Troy’s Tech Talk: Shifting Fixes & Cleat Postions

If bikes are so simple, why are there so many questions?

Q: I just installed a new cassette on my bike, but now my bike shifts worse than ever. What am I
doing wrong?

 A: This is a much more common problem than many realize. There are a few reasons that a new cassette could be offering less-than-ideal gear changes. First is that they might be sitting in a different position on the hub body than the old one. This can even be true if they are “the same on the label.” Just a few millimeters is all it takes to throw the shifting off, so verify that the limit screws are set to the new cassette. Now with the new limit-screw position you will need to adjust the cable tension. If it’s electronic, you may need to change the micro-adjust position.

If that does not remedy the problem, then you may have a much larger issue than you realized. As a cassette is used, it wears with the chain, also known as “chain stretch.” This also leads to the worn chainrings. The cassette, chain and rings wear together, and if the chain is too worn, it shouldn’t be used with a new cassette or chainrings. In reality, the three are now a permanent set and cannot be mixed with any others. They are worn out of spec, so if one is being replaced, the rest will need replacing, too.
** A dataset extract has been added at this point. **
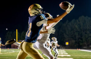 On the next play, Ty Barker connected with Takoreion Downie for a 35-yard touchdown, which shocked the crowd. Despite holding the Valley Cubs to just one first down and 41 yards behind some outstanding play from linebacker Hunter Delaney, the Golden Bears trailed 7-0.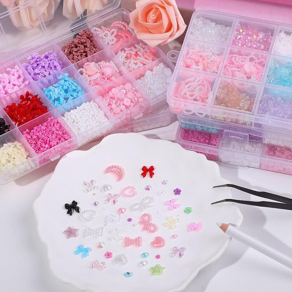 【便利な収納】透明で頑丈なケース入りで、ネイルパーツを種類別に整理でき、取り出しやすく使い勝手抜群。

As I have mentioned in the past, this is the importance of chain lube and regular maintenance. I would say that 70 percent of bikes that are having shifting problems have a worn-out chain. Park Tool and Unior both make a chain checker that I recommend. This tool can help in ensuring you don’t ride the components too long and wearing them out of the ability to reuse them.

Let’s say you get it working and it shifts good enough, the worn-out components will accelerate the wear of the new component, so don’t expect it to last anywhere as long as it should. It can also be dangerous, as the worn chain may not lock into the gears on the cassette the same and jump the teeth when under a heavy load. This could send the rider’s momentum forward, risking an over-the-bars incident, or I’ve even seen riders smash their face on the stem or bars.

If you are not sure which of these might be your case, then head to a local shop you trust and have a professional access the situation. Your drivetrain is one of the most important aspects of enjoying the bike, so don’t leave it to risk or mistake. 

Q: I read your July tips and have been making a few changes to my position and setup. I am still having problems with my hands and feet going numb. What else should I consider? 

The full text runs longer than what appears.